Today, the following is true:
- (For Java) using
mmap-sdk+mmap-collectorresults in less Memory usage, higher CPU usage and little impact to throughput against an SDK configured with reasonable batching. mmap-sdk+mmap-collectorhave dramatically increased performance of "synchronous network export" - which would be the direct alternative way in OpenTelemetry today for getting data out of process quickly. This means for batch jobs, this may be a MUCH more efficient mechanism of getting data out.
You can run any of the docker compose demos found in the scenarios directory.
docker compose -f scenarios/{scenario}.yml up
Note: These all require a running on a disk where MMAP pages will be local to the machine running them.
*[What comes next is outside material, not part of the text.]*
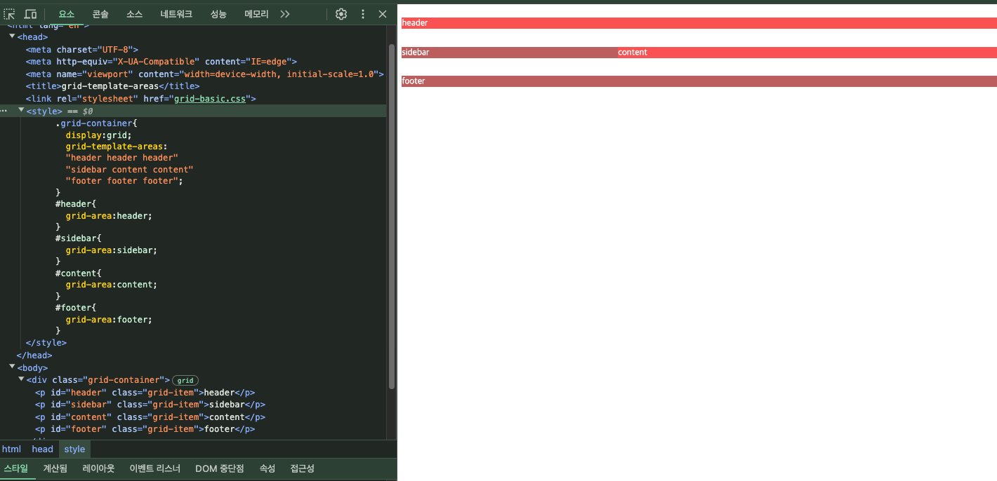 grid-template-areas 속성은 그리드 레이아웃의 행과 열을 이름으로 지정

The mmap-sdk.docker-compose.yml demo provides a simple example that will:
- Spin up an OpenTelemetry collector with traditional OTLP ingestion.
- Spin up a Java process that fires N (~200) spans out via the MMAP SDK.
- Spin up the MMAP collector to process these spans and fire them at an OpenTelemetry Collector via OTLP.
This demo demonstrates the applicability of using MMAP files across containers and leveraging atomic memory operations for communication between processes in these containers.
The mmap-sdk-vs-pure-sdk.docker-compose.yml demo provides great insight into the performance
characteristics of the MMAP SDK on larger servers. This demo will:
- Set up two java HTTP servers, one with traditional SDK and another with MMAP SDK.
- Initiate the same k6 load test on the HTTP servers.
- Record all metrics/spans/events from these servers in an LGTM container.
- Record cadvisor metrics from these servers into an LGTM container.
You can view collected metrics at http://localhost:3000/ via Grafana.
This is an ideal test for checking pure overhead of using MMAP vs. a traditional SDK. This is because the Java HTTP server does very little so most deviations in latency, CPU or Memory usage is purely from the overhead of instrumentation and OpenTelemetry. This will not give accurate numbers on a real-world HTTP server for overhead, but instead can be used to find bottlenecks, assess macro-performance issues (e.g. cpu contention) and otherwise tune the MMAP SDK.
You can also build the images locally as follows:
- Build mmap-collector image
cd mmap_collector
docker build . -t ghcr.io/jsuereth/mmap-collector:main
- Build java-demo-app image
cd java
cd otlp-mmap
docker build . -t ghcr.io/jsuereth/mmap-demo:main
To run the example outside of docker, do the following:
- In one terminal, start a debug opentelemetry collector.
docker run -p 127.0.0.1:4317:4317 -p 127.0.0.1:55679:55679 otel/opentelemetry-collector-contrib:0.111.0
- Set the ENV variable, e.g.
export SDK_MMAP_EXPORTER_FILE=/path/to/mmap.otlp - Run the
java/otlp-mmapserver:sbt run - With the same ENV variable, inside
mmap-collectordirectory, Typecargo run.
You should see a Java (scala) program generating Spans and firing them into the export directory. The Rust
program will be reading these spans and sending them via regular OTLP to the collector.
See Protocol for details on the file contents and layout.
- Throughput tests
- Basic k6 test for a server
- Comparison on CPU/Mem usage vs. Latency
- Max throughput tests
- Benchmarks
- Traditonal (batch) otlp exporter vs. MMap-Writer + MMap-collector combined
- CPU usage
- Memory overhead of primary process
- Garbage Collection pressure
- Figure out if we have "quick wins" in synchronous event export path in Java MMAP SDK.
- Traditonal (batch) otlp exporter vs. MMap-Writer + MMap-collector combined
- File format experiements
- variable sized entry dictionary
- Metric file format
- Evaluate Parquet
- Evaluate STEF
- More Language Writers
- Go
- Python
- Deeper SDK hooks
- Directly keeping metric aggregations in mmap
- Directly writing span start/stop/event to ringbuffer
- Use instrument hints in metric aggregations in mmap.
- Resiliency
- Detect File resets
- MMAP Collector retry-batch
- Restart MMap collector when needed
- Comparison w/ eBPF techniques